**Supplied data**
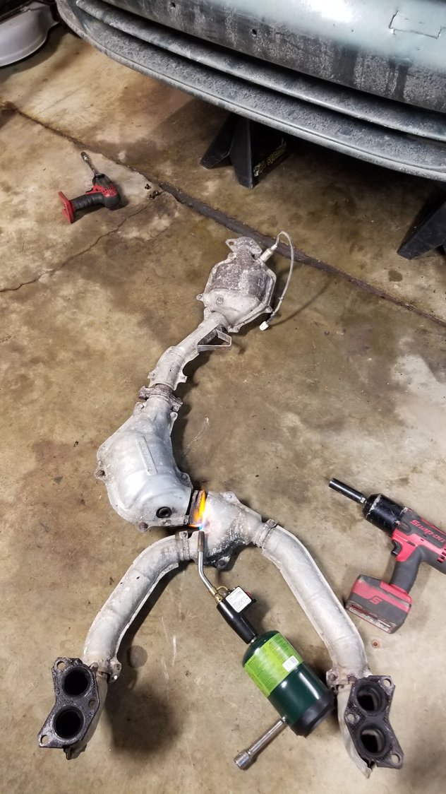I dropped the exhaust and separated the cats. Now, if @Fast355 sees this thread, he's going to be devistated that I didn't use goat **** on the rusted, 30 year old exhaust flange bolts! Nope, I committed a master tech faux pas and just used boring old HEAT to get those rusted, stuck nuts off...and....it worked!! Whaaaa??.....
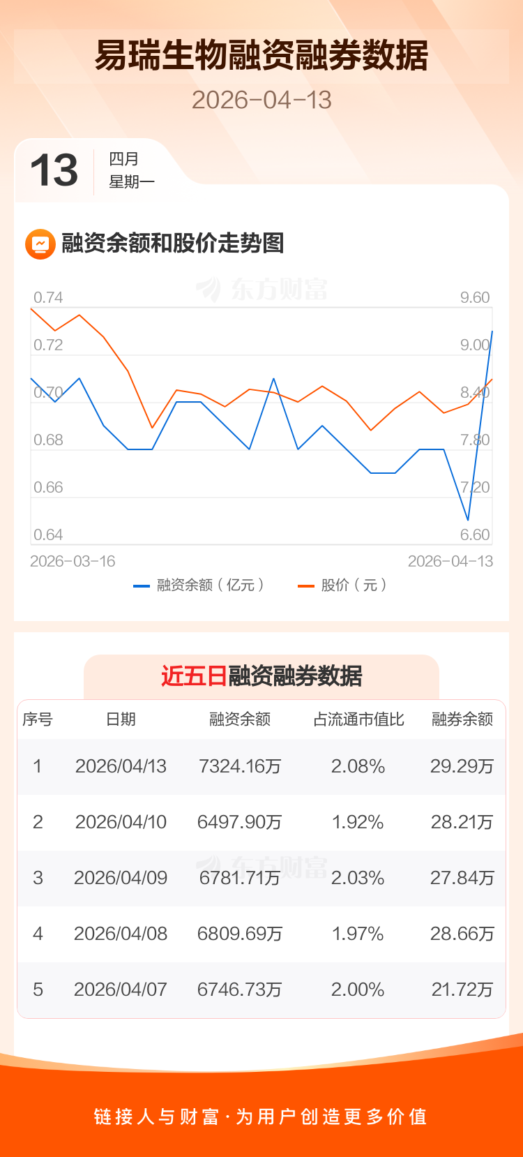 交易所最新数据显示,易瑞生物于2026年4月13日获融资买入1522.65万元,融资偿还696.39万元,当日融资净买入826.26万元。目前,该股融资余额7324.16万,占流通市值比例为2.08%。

--

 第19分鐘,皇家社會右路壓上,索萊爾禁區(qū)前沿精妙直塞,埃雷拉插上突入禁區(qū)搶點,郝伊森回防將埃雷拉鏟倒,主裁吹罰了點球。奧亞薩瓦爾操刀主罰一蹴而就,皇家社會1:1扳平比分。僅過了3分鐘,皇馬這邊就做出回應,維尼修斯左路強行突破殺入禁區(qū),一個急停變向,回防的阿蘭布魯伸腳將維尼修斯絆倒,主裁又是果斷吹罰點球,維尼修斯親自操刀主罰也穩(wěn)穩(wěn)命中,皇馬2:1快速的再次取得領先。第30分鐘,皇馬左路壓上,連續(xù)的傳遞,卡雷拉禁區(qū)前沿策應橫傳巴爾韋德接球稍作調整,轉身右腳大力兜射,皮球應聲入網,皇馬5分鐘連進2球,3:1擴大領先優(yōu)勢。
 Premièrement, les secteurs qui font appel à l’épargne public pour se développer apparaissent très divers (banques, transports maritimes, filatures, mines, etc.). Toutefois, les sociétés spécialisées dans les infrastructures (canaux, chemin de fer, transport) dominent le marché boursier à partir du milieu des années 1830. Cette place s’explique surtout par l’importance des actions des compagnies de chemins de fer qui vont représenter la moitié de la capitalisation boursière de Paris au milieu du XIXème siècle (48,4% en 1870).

**Problem statement**
Line for line, output the entries above from the line with "I dropped the" to the line with "交易所最新数据显示,易瑞生物", both included, and nothing more. Skip pictures.

**Task result**
I dropped the exhaust and separated the cats. Now, if @Fast355 sees this thread, he's going to be devistated that I didn't use goat **** on the rusted, 30 year old exhaust flange bolts! Nope, I committed a master tech faux pas and just used boring old HEAT to get those rusted, stuck nuts off...and....it worked!! Whaaaa??.....
 交易所最新数据显示,易瑞生物于2026年4月13日获融资买入1522.65万元,融资偿还696.39万元,当日融资净买入826.26万元。目前,该股融资余额7324.16万,占流通市值比例为2.08%。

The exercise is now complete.